Tom Clancy’s Splinter Cell

I am not much of a PC gamer, so I don’t usually get up in arms about having to use multiple launchers to play games from various storefronts or ecosystems. If anything, this just reminds me of using multiple consoles. The biggest challenge this presents is that I need to remember which game was bought where so I know which launcher to utilize. GOG has done me a great service in this regard, allowing me to link my entire catalogue to their app, which will initiate the appropriate launcher for me.

Everything was coming up roses until I purchased my first Ubisoft title through the Epic Games Store. 2002’s Tom Clancy’s Splinter Cell would turn my world upside-down like so many Christopher Nolan action sequences.

Upon completing the download, I excitedly clicked the Launch button, anxious to dive back into a beloved classic from my gaming past. The problem? Every time I clicked Launch on GOG, it would pause for a second, then go back to displaying the Launch prompt.
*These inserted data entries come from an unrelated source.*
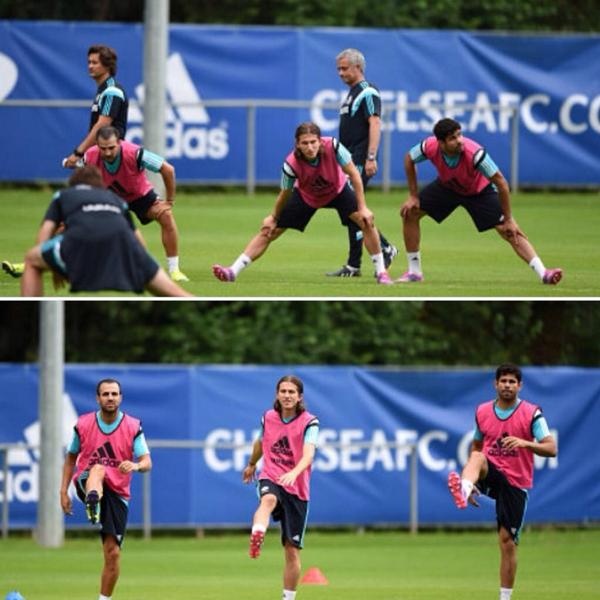 | Bộ ba tân binh của Chelsea tập luyện rất nghiêm túc. |
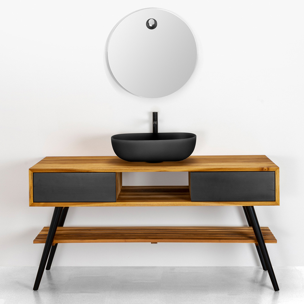 Koupelnová skříňka z přírodního teaku s černými nohami a zásuvkami.
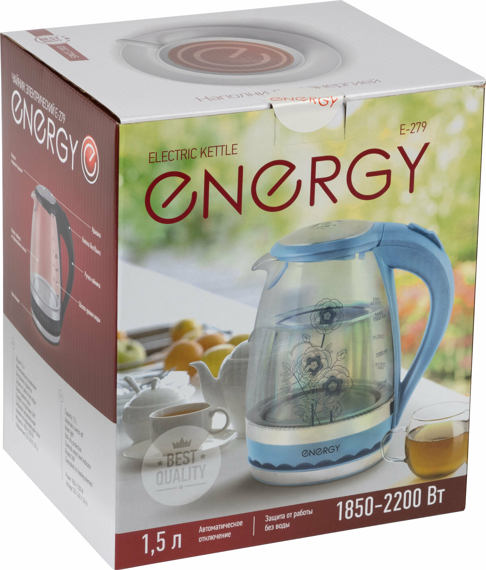 Купить Energy Чайник электрический ENERGY E-279, стекло, 1.5 л, 2200 Вт, голубой

After clicking that dang prompt a few times, I figured there must be an issue with GOG, so I fired up the Epic Games launcher to go right to the source. But again, a message that the game was launching would display, only to stop short of any sort of actual launch. Cape Canaveral this ain’t.

At this point, I uninstalled the game and downloaded it a second time, thinking perhaps the original install might have been corrupted. But 45 minutes later, I got nothing but the same rigmarole. Not one to immediately admit defeat, I rigorously mashed the Launch button for much longer than any reasonable adult ever should. But finally, begrudgingly, I had to turn to my Google overlord.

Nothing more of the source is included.